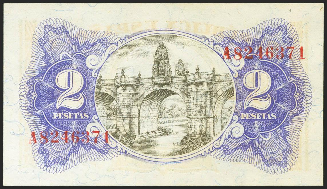 2 Pesetas. 1938. Ministerio de Hacienda. Serie A. (Edifil 2021: 393). Apresto original. SC.
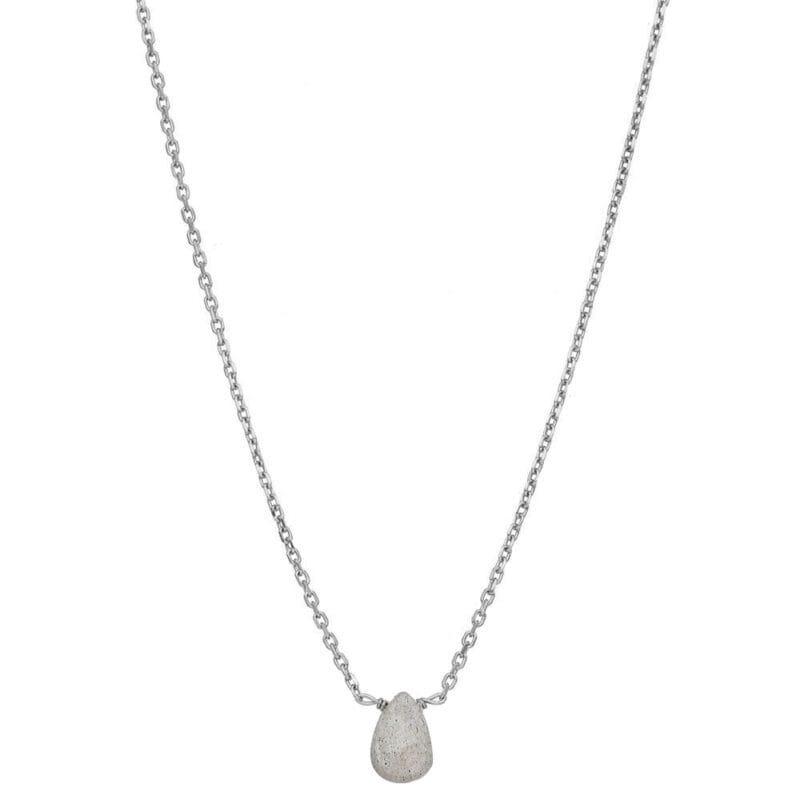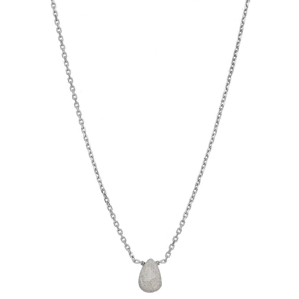 Delikatny naszyjnik srebrny z labradorytem w kształcie kropli, wykonany ze srebra próby 925, zabezpieczonego warstwą rodu, co gwarantuje mu trwałość i zwiększoną odporność na zarysowania. Naszyjnik stanowi doskonałe uzupełnienie stylizacji dla miłośniczek minimalistycznej biżuterii.
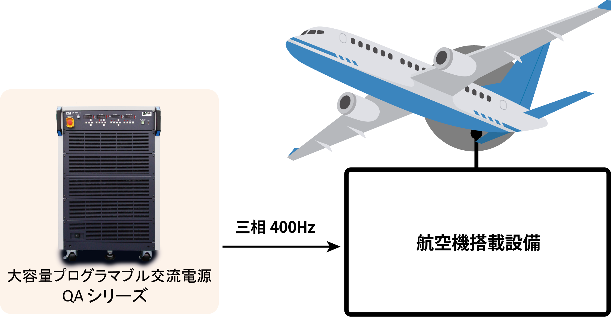 航空機や船舶に搭載される設備は一般的な地上の電源(日本国内では、AC100V-50Hz または60Hz)と異なり、電源周波数は400Hz となっています。従って、このような設備をメンテナンス等のために地上で動作・試験するためには400Hz を出力可能な交流電源が必要となります。
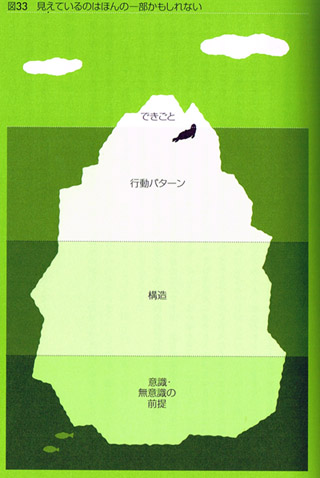 上の図で言えば、多くの人は出来事やそこに見える行動パターンをもとに判断をすることが多いが、その裏に潜む構造・システムやさらにその裏にある無意識や前提のようなものこそが変革には重要となる。
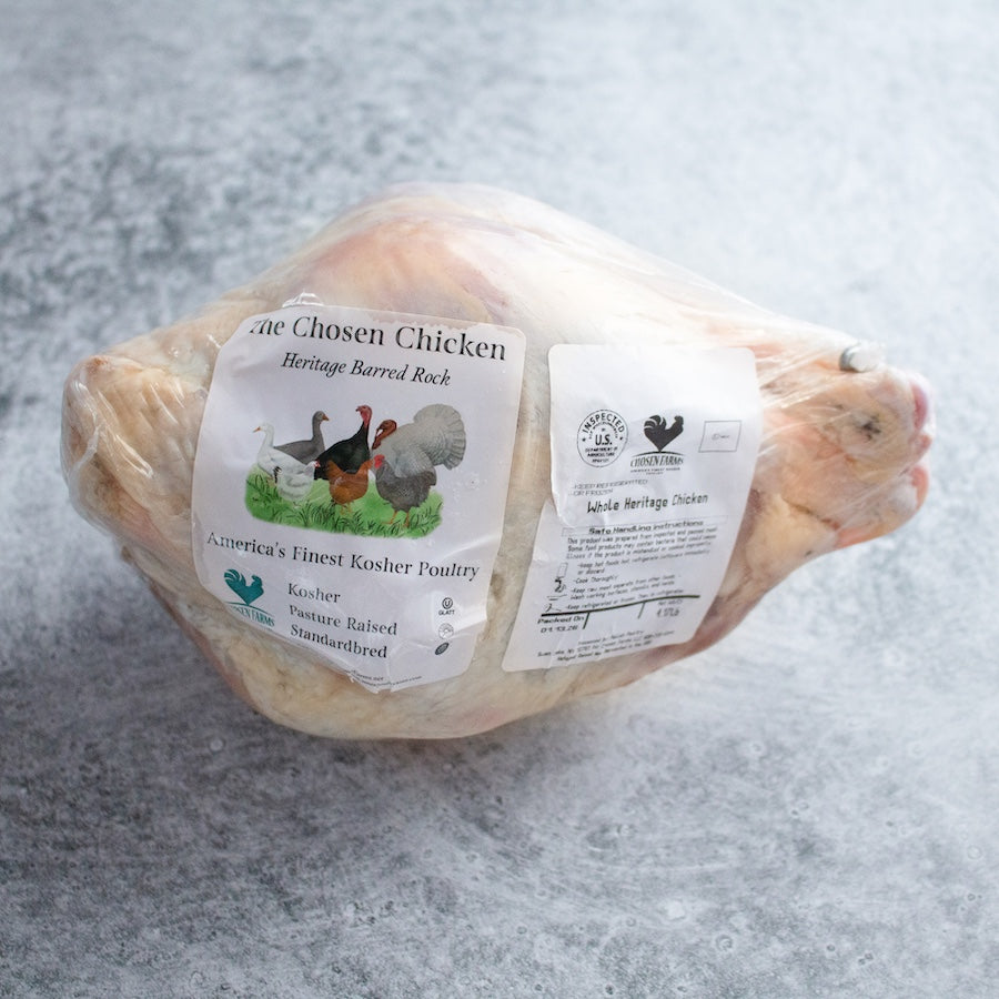 The Barred Rock was America’s most popular meat chicken for over 70 years—and for good reason. This striking black and white striped bird, with its supple yellow skin, is exceptionally vigorous and produces meat with deep, old-fashioned chicken flavor that modern commercial birds simply don’t deliver. It is our slowest-growing bird, and that leisurely growth translates directly into flavor: fuller, more developed, and deeply satisfying. Now, for the first time in decades, kosher consumers can once again enjoy a true Standardbred Barred Plymouth Rock.

● Prompt:
The reply should consist only of the lines from the top of the material above through the line with "Delikatny naszyjnik srebrny", printed exactly, pictures omitted.

● Task output:
 2 Pesetas. 1938. Ministerio de Hacienda. Serie A. (Edifil 2021: 393). Apresto original. SC.
 Delikatny naszyjnik srebrny z labradorytem w kształcie kropli, wykonany ze srebra próby 925, zabezpieczonego warstwą rodu, co gwarantuje mu trwałość i zwiększoną odporność na zarysowania. Naszyjnik stanowi doskonałe uzupełnienie stylizacji dla miłośniczek minimalistycznej biżuterii.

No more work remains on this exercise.